> **Assignment**
For this exercise, copy exactly the lines below from the one with "Entre los problemas" through the one with "Cutouts in the" and leave out the pictures.

> **Exercise input**
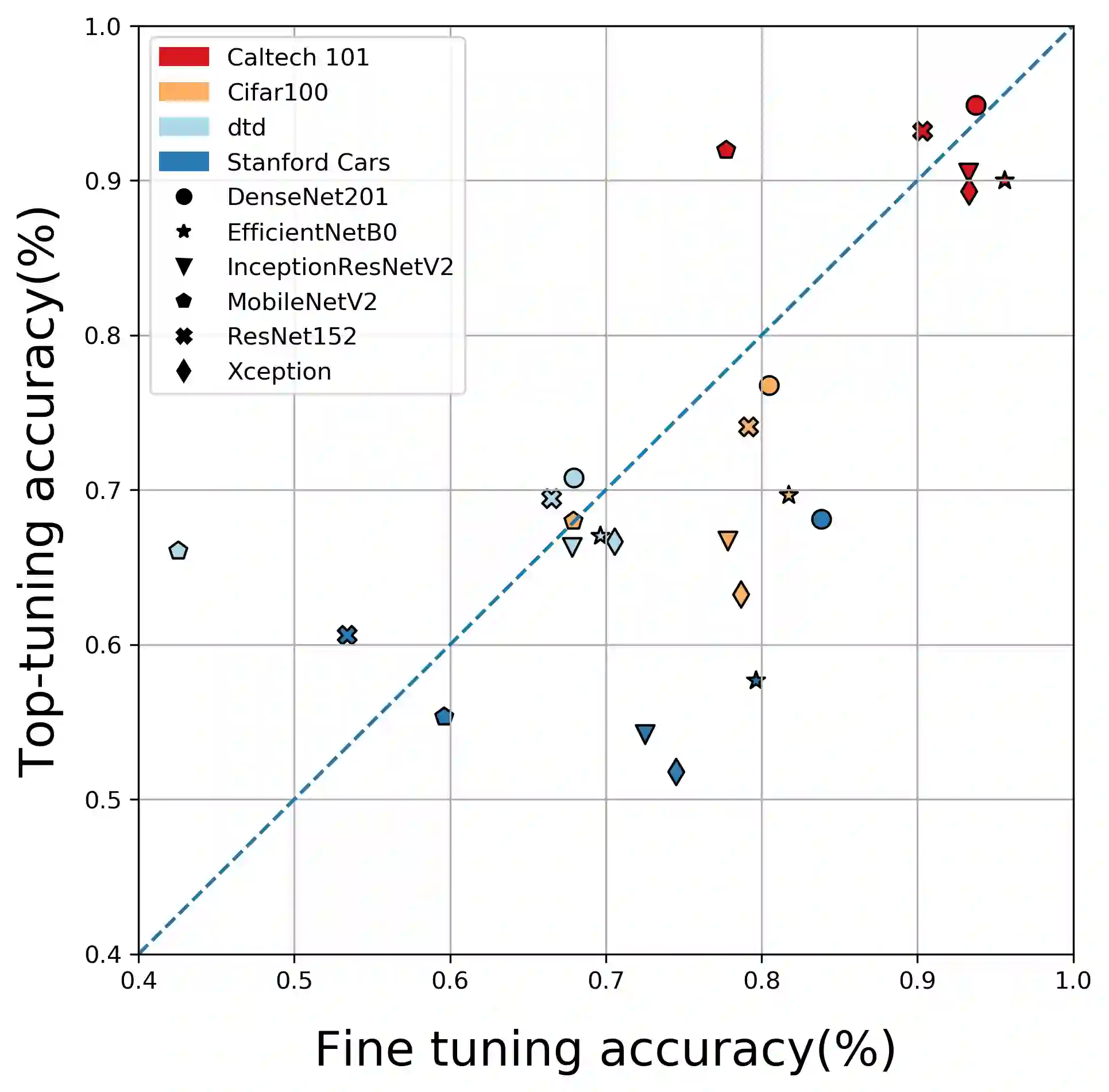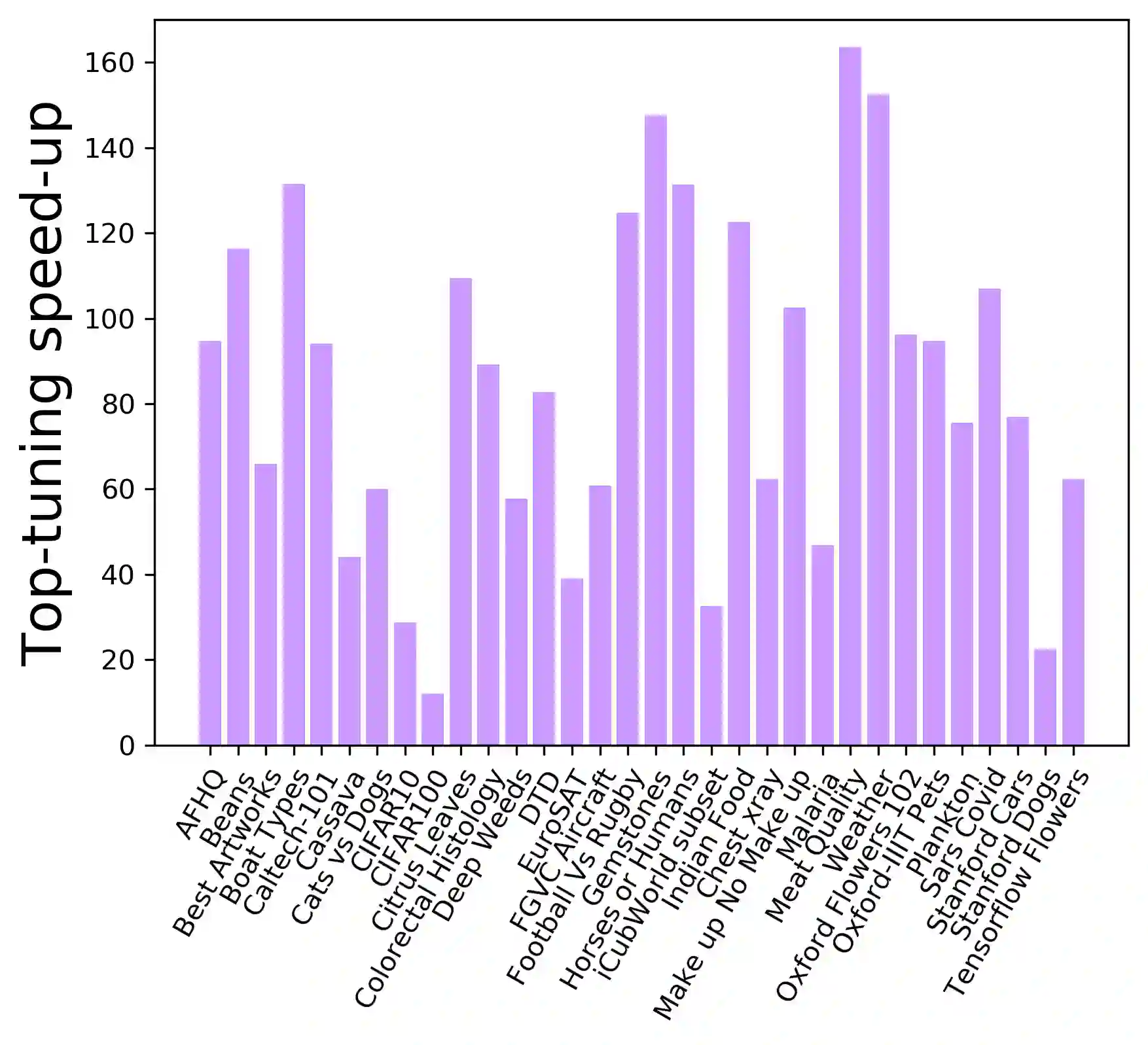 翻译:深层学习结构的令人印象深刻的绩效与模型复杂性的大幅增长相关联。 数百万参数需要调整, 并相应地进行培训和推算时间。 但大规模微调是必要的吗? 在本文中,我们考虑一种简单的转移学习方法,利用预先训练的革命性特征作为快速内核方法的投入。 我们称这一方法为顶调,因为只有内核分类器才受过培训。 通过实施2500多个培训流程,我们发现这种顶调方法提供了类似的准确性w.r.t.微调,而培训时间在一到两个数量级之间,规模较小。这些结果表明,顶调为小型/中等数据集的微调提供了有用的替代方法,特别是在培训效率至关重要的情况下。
---
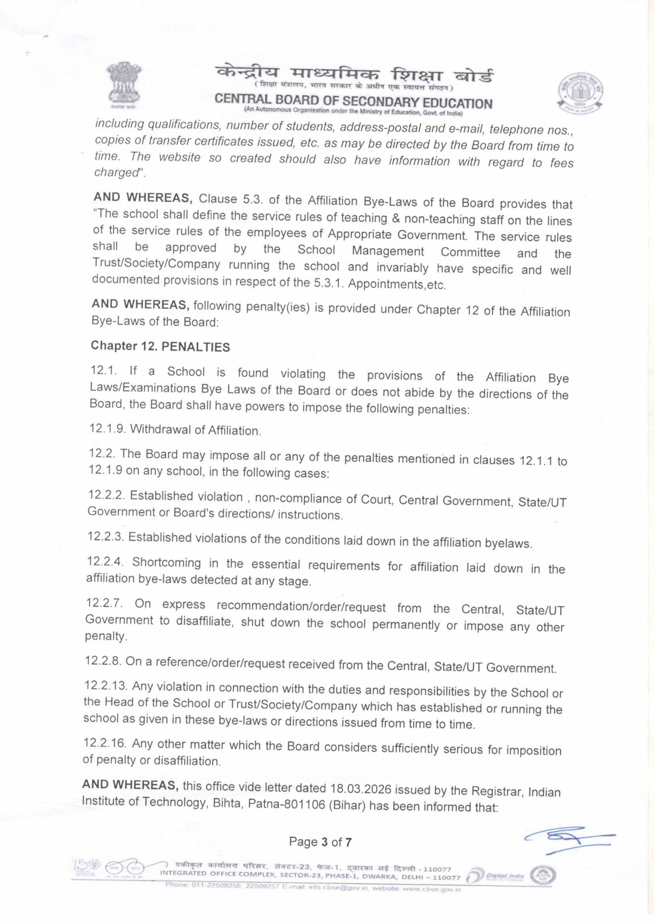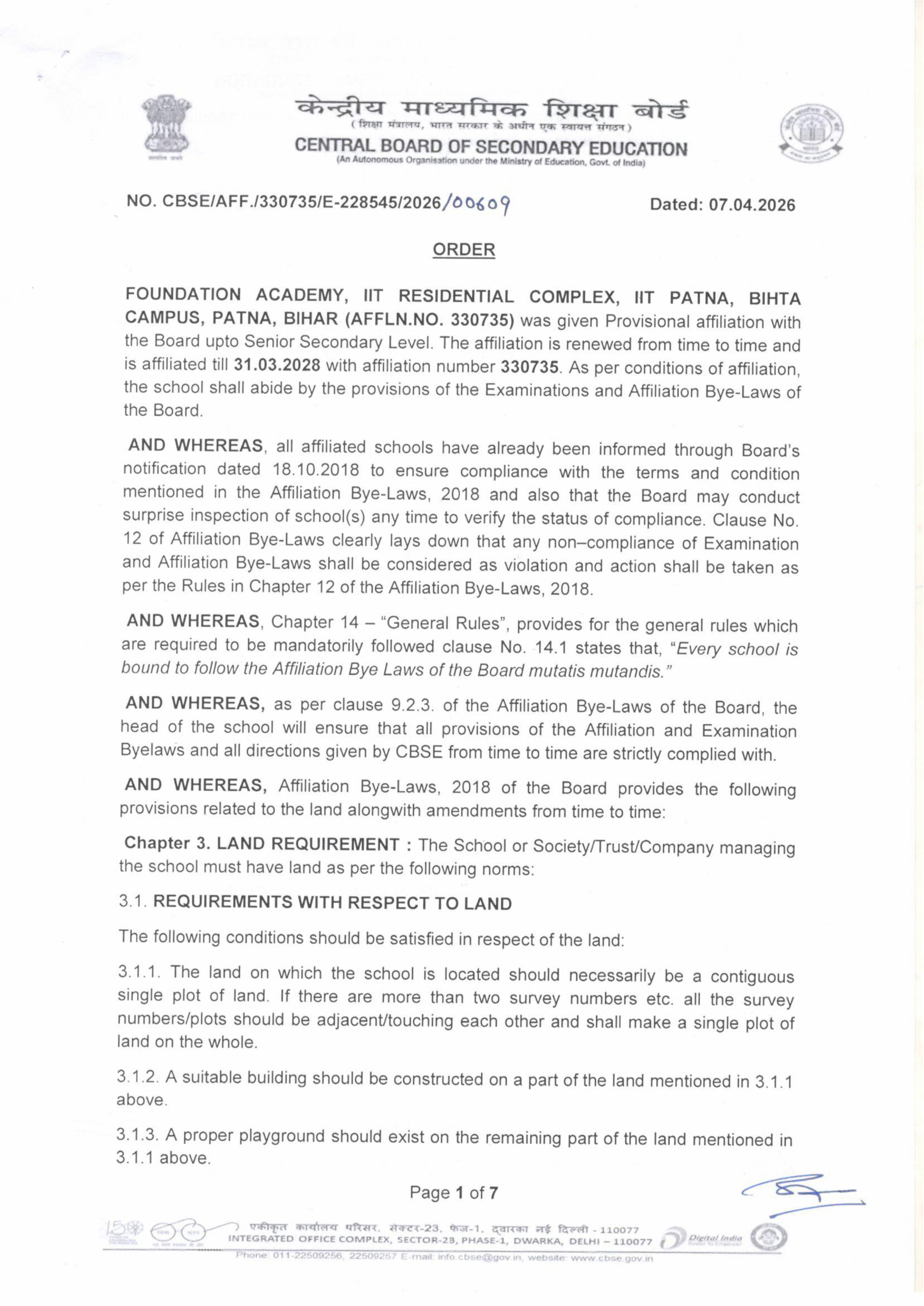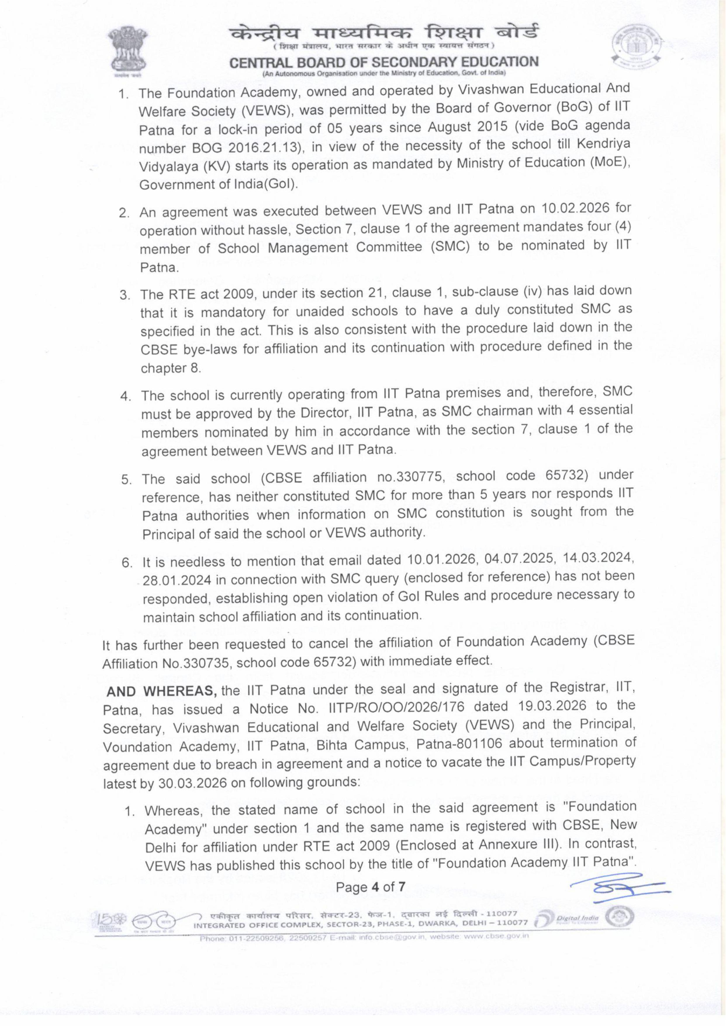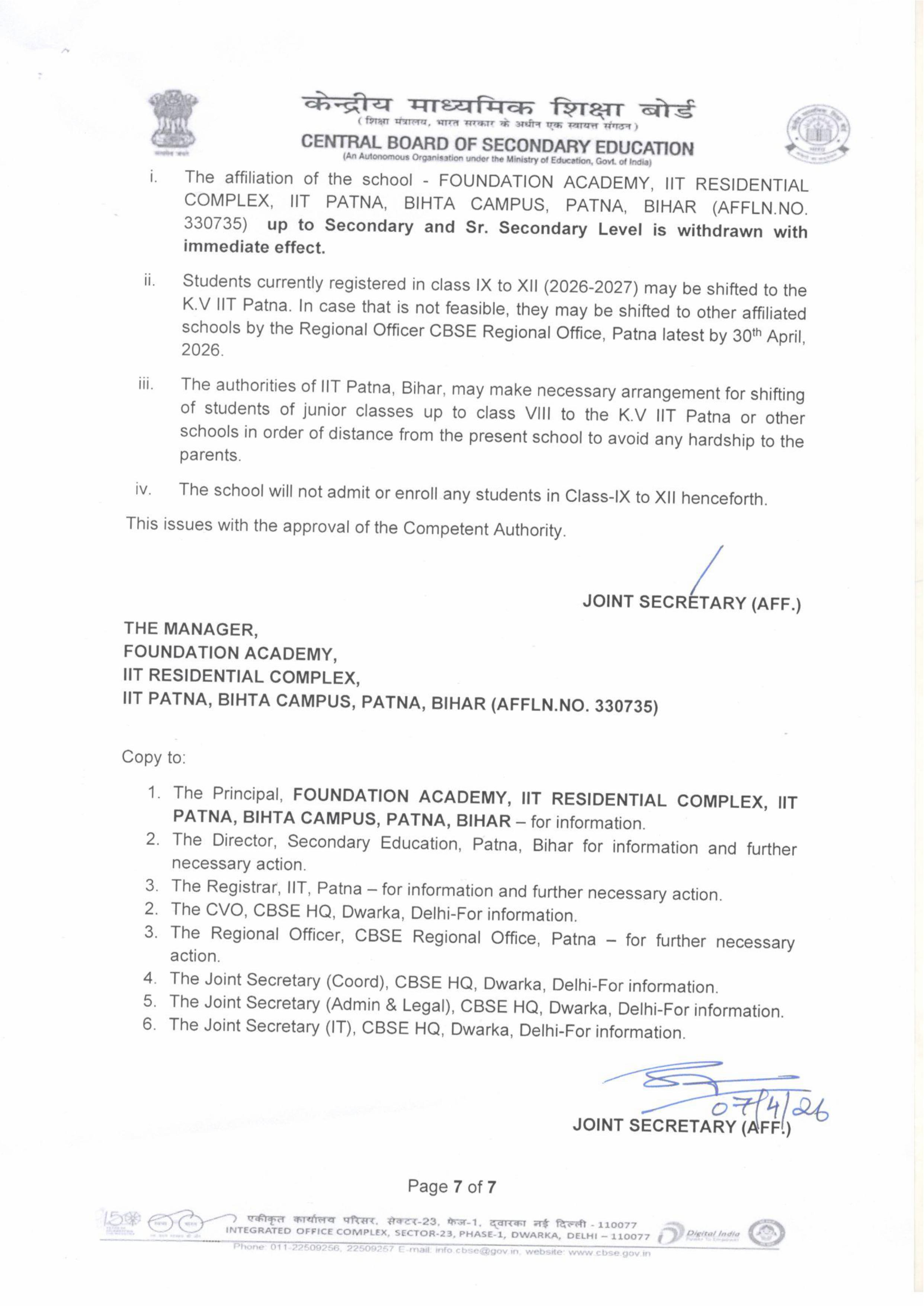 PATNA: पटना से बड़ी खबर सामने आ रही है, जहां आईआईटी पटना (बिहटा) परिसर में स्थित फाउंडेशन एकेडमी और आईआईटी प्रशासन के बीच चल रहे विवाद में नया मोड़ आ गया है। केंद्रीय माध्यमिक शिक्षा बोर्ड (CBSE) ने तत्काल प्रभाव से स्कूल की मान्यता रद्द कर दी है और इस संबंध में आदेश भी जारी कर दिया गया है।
--
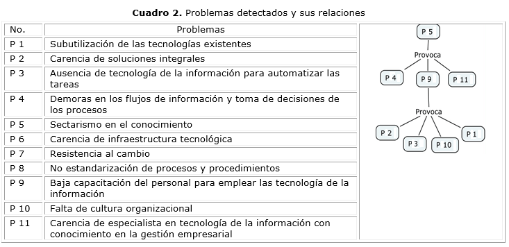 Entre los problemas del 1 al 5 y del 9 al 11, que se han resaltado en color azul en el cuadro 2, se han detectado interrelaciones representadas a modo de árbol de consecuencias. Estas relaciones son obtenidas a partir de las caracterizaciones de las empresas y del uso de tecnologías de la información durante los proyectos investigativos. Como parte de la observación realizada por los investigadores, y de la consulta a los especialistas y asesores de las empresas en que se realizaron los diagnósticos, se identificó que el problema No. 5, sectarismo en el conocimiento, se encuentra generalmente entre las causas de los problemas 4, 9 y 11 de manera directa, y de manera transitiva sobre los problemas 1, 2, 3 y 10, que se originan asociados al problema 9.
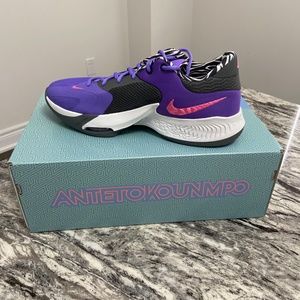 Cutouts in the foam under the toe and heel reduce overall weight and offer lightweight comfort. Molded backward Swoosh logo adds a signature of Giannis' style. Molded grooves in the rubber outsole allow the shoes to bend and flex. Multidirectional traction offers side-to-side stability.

> **Solution to the exercise**
 Entre los problemas del 1 al 5 y del 9 al 11, que se han resaltado en color azul en el cuadro 2, se han detectado interrelaciones representadas a modo de árbol de consecuencias. Estas relaciones son obtenidas a partir de las caracterizaciones de las empresas y del uso de tecnologías de la información durante los proyectos investigativos. Como parte de la observación realizada por los investigadores, y de la consulta a los especialistas y asesores de las empresas en que se realizaron los diagnósticos, se identificó que el problema No. 5, sectarismo en el conocimiento, se encuentra generalmente entre las causas de los problemas 4, 9 y 11 de manera directa, y de manera transitiva sobre los problemas 1, 2, 3 y 10, que se originan asociados al problema 9.
 Cutouts in the foam under the toe and heel reduce overall weight and offer lightweight comfort. Molded backward Swoosh logo adds a signature of Giannis' style. Molded grooves in the rubber outsole allow the shoes to bend and flex. Multidirectional traction offers side-to-side stability.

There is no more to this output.